Try this example in the Playground

No empty catch blocks

Section titled “No empty catch blocks”

CST nodes can be nested in the pattern to express structural constraints. Here we match a JsCatchClause whose body field is a JsBlockStatement with an empty statements list ([]). This reads almost like a type assertion: “a catch clause containing a block with no statements.”

engine biome(1.0)
language js(typescript, jsx)


JsCatchClause(body = JsBlockStatement(statements = [])) as $catch where {
    register_diagnostic(
        span = $catch,
        message = "Empty catch blocks are not allowed. Handle the error or add a comment explaining why it is ignored."
    )
}
try {
  riskyOperation();
} catch (e) {}


try {
  anotherOp();
} catch (e) {
  console.error(e);
}

The first catch block (line 3) is empty and matched. The second one has a statement inside and is not.

Try this example in the Playground

Disallow any type annotation

Section titled “Disallow any type annotation”

Some CST nodes are specific to TypeScript. The TsAnyType node represents the any keyword wherever it appears as a type annotation. By matching this node directly, you catch every occurrence — in variable declarations, function parameters, return types, and generic arguments.

engine biome(1.0)
language js(typescript)


TsAnyType() as $any where {
    register_diagnostic(
        span = $any,
        message = "Don't use `any`. Use `unknown`, a specific type, or a generic instead.",
        severity = "warn"
    )
}
let x: any = 1;
function foo(x: any): any {
  return x;
}
const arr: Array<any> = [];
let safe: unknown = 1;

Every any annotation on lines 1-3 is matched. The unknown on line 4 is a different type and is not affected.

Try this example in the Playground

Enforce const over let

Section titled “Enforce const over let”

Since let is a keyword rather than a syntax node, we match JsVariableStatement() and filter with a regex to select only statements whose text starts with let:

engine biome(1.0)
language js(typescript, jsx)


JsVariableStatement() as $stmt where {
    $stmt <: r"let.*",
    register_diagnostic(
        span = $stmt,
        message = "Prefer `const` unless the variable is reassigned.",
        severity = "hint"
    )
}
let x = 1;
let y = "hello";
const z = true;

Both let statements (lines 1 and 2) are matched. The const on line 3 is not — its text starts with const, so the regex let.* doesn’t match.

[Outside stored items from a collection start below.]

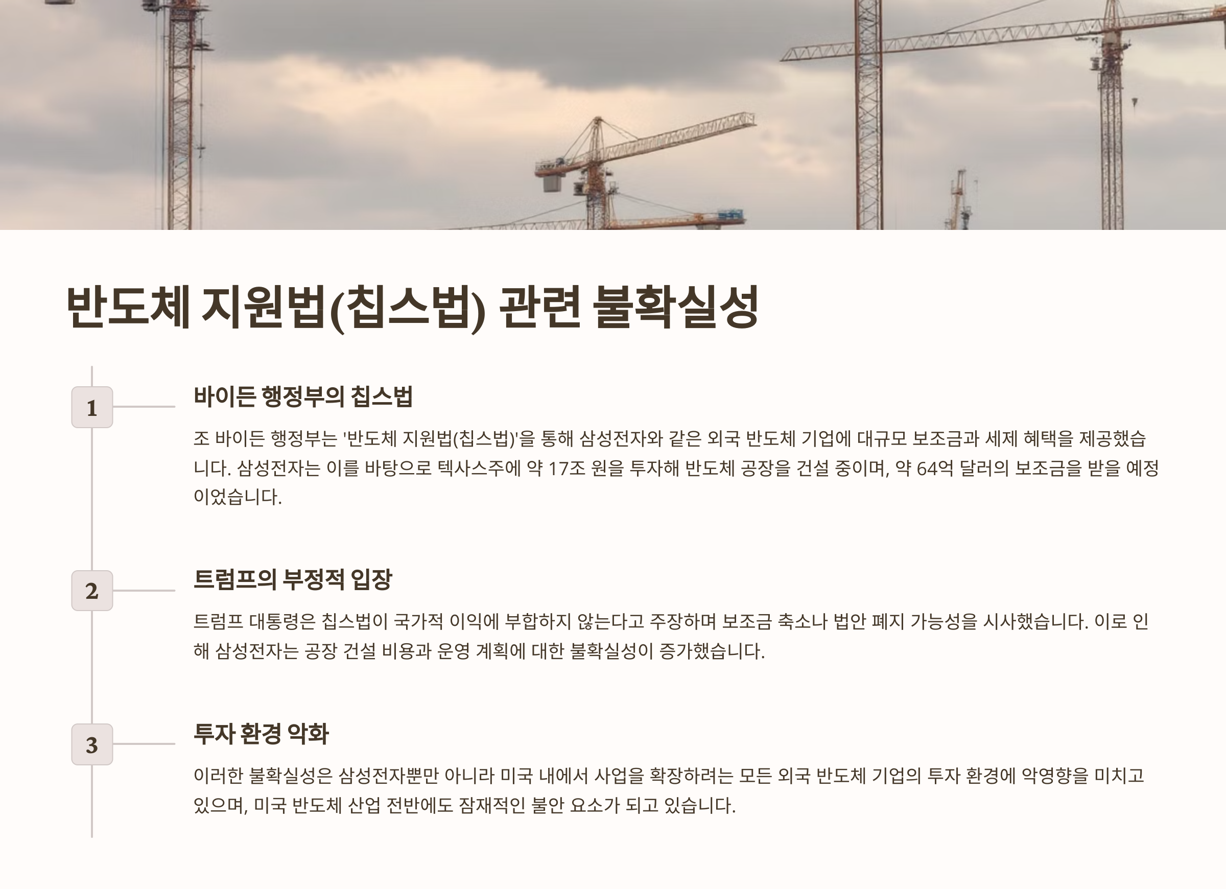 이러한 불확실성은 삼성전자뿐만 아니라 미국 내에서 사업을 확장하려는 모든 외국 반도체 기업에 대한 투자 환경에 악영향을 미치고 있으며, 이는 미국 내 반도체 산업 전반에도 잠재적인 불안 요소가 될 수 있습니다.
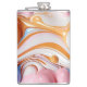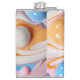 Um fecho de um líquido colorido, espumoso, com pequenas bolhas redondas a flutuar na superfície. O líquido é um azul vibrante com pistas de rosa e roxo.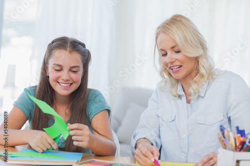 30s, woman, female, caucasian, children, girl, indoor, brown hair, blond, long hair, cute, home, house, sitting, table, desk, paper, crayons, mother, father, daughter, couch, sofa, living room, arts and crafts, drawing, ruler, colouring, holding, scissors, happy, smiling, cheerful, talking, communication, conversation, interact, speaking, discussion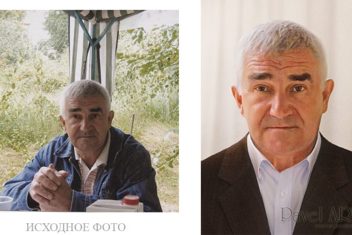 Обработка фото для памятника. Глубокая ретушь. Обтравка и замена фона. Замена одежды(переодевание).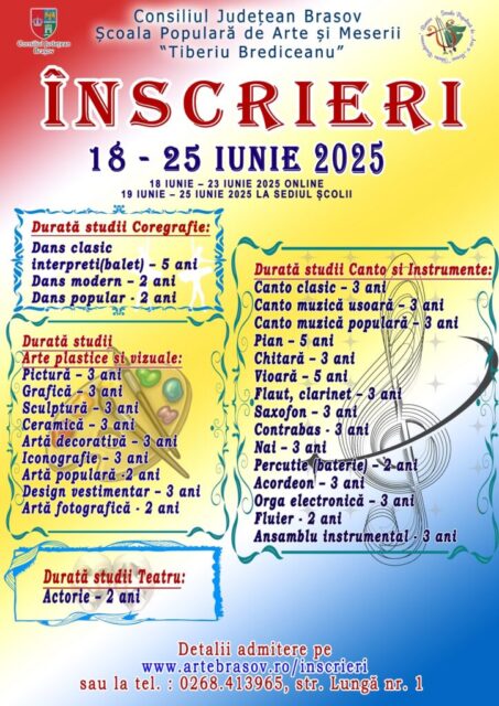 ÎNSCRIEREA LA SCOALA POPULARA DE ARTE ŞI MESERII “TIBERIU BREDICEANU” BRAŞOV

Try this example in the Playground

Ban dangerouslySetInnerHTML

Section titled “Ban dangerouslySetInnerHTML”

GritQL snippet patterns work inside JSX. Here we match the dangerouslySetInnerHTML prop regardless of the element it’s on or the value passed to it:

`dangerouslySetInnerHTML=$value` as $attr where {
    register_diagnostic(
        span = $attr,
        message = "Do not use `dangerouslySetInnerHTML`. Sanitize content and render it safely instead."
    )
}

Matched — any element using the prop:

<div dangerouslySetInnerHTML={{ __html: content }} />
<p dangerouslySetInnerHTML={{ __html: text }}></p>

Not matched — no dangerouslySetInnerHTML:

<div className="safe">{content}</div>

Try this example in the Playground

No inline style props

Section titled “No inline style props”

The same approach works for banning inline style props. This encourages the use of CSS classes or CSS-in-JS solutions instead of inline styles:

`style=$value` as $attr where {
    register_diagnostic(
        span = $attr,
        message = "Avoid inline `style` props. Use a CSS class or a styled component instead.",
        severity = "warn"
    )
}

Matched — inline style prop:

<button style={{ color: "red" }}>Click</button>
<div style={{ margin: 0, padding: 10 }}>Content</div>

Not matched — using className instead:

<span className="highlight">OK</span>

Try this example in the Playground

CSS

Section titled “CSS”

Disallow !important

Section titled “Disallow !important”

By default, GritQL patterns target JavaScript. The engine biome(1.0) and language css directives at the top of a .grit file switch to Biome’s CSS syntax tree. The !important modifier is represented as a CssDeclarationImportant() node, so we use contains to find any declaration that includes it:

engine biome(1.0)
language css


CssDeclarationWithSemicolon() as $decl where {
    $decl <: contains CssDeclarationImportant(),
    register_diagnostic(
        span = $decl,
        message = "Avoid `!important`. Increase selector specificity or restructure your styles instead."
    )
}
.button {
  color: red !important;
  display: flex;
}
.override {
  margin: 0 !important;
}

Lines 2 and 6 contain !important declarations and are matched.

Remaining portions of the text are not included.